Clinical informatics careers can follow several paths:

Operational Leadership

Roles like Chief Clinical Information Officer, Director of Clinical Informatics, or Clinical Informatics Manager. Leading informatics programs within health services.

Consulting and Advisory

Working with organisations as an external advisor. Either through consulting firms or independent practice. Broader exposure but less depth in any single organisation.

Vendor and Industry

Working for health IT or AI vendors. Product development, implementation support, clinical advisory roles. Different perspective on the field.

Academic and Research

University positions combining research and teaching. Contributing to the evidence base and training the next generation.

Policy and Government

Roles in health departments, ADHA, or other government bodies. Shaping policy and programs at system level.

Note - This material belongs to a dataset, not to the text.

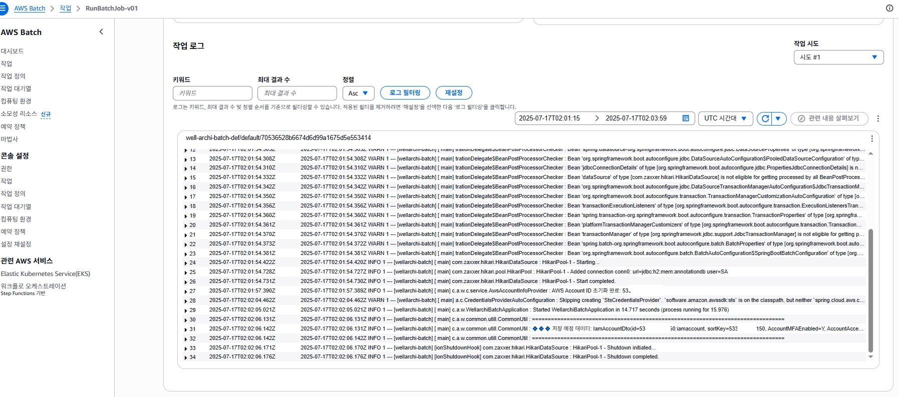 배치 실행이 완료 되면 해당 Job 결과 로깅 탭에 아래 배치가 성공적으로 실행되었다는 것을 볼 수 있습니다.
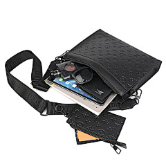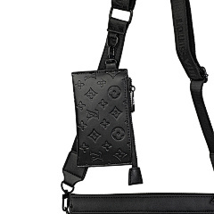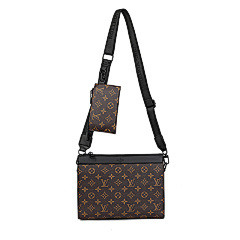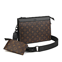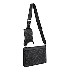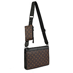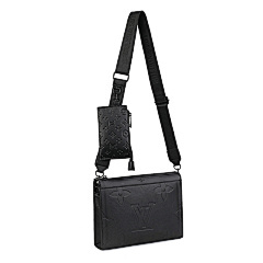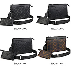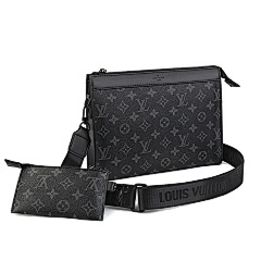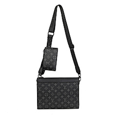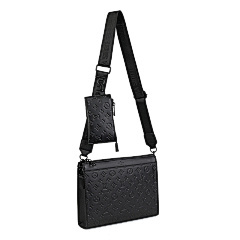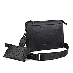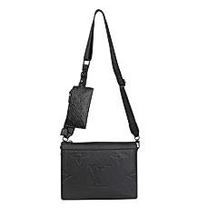 This bag from Louis Vuitton (LV) is made of black leather and embossed with the classic LV Monogram pattern on the surface, highlighting the brand's recognition. The mother-and-child bag design features a large space in the main bag, which can store books, tablets and other daily travel items; the small bag is suitable for storing small items such as keys and coins. Equipped with adjustable shoulder straps, it can meet the needs of single shoulder or crossbody, making it suitable for commuting, shopping, travel and other occasions, showcasing the LV brand's high-end texture and practical design style.

Many careers combine elements of these over time.

The AI Opportunity

The expansion of clinical AI creates opportunity:

  • New roles specifically focused on AI governance and implementation
  • Existing informatics roles expanding to include AI
  • Demand for people who can bridge clinical and AI domains
  • Consulting opportunities for AI expertise

Organisations are looking for people with these skills. Demand currently exceeds supply.

For those building informatics careers, developing AI capabilities is wise positioning. For those already in the field, adding AI expertise extends your value.

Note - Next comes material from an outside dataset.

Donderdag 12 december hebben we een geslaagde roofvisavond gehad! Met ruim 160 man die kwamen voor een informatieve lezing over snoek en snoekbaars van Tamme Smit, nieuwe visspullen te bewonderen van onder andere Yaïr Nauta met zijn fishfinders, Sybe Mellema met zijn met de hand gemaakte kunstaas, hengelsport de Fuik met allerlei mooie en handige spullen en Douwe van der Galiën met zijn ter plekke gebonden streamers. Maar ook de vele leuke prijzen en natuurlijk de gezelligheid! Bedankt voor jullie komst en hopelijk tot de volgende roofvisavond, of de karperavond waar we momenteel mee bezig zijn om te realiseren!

Organisations seeking to build internal capability sometimes partner with AI consultants Brisbane and similar firms who can provide expertise while internal talent develops.

Practical Advice

For those considering or early in clinical informatics careers:

Start from clinical strength. Your clinical expertise is your differentiator. Technical people are common; clinical-technical people are rare.

Get involved in AI projects. Even in small ways. Volunteer for pilot projects, join governance committees, participate in evaluations.

Build technical literacy gradually. You don’t need to become a data scientist. Steady investment in technical understanding pays off.

Develop your network. Connect with others in the field. Learn from their experience. Create opportunities through relationships.

Stay current. This field changes quickly. Commit to ongoing learning.

Be patient. Career development takes time. Skills compound. Experience accumulates.

The clinical informatics field is more interesting and more important than it was when I entered it. The addition of AI makes it more so. For those drawn to this work, there’s meaningful career opportunity ahead. Organisations like AI consultants Melbourne are actively recruiting people with clinical informatics backgrounds, which reflects the growing demand across the sector.


Dr. Rebecca Liu is a health informatics specialist and former Chief Clinical Information Officer. She advises healthcare organisations on clinical AI strategy and implementation.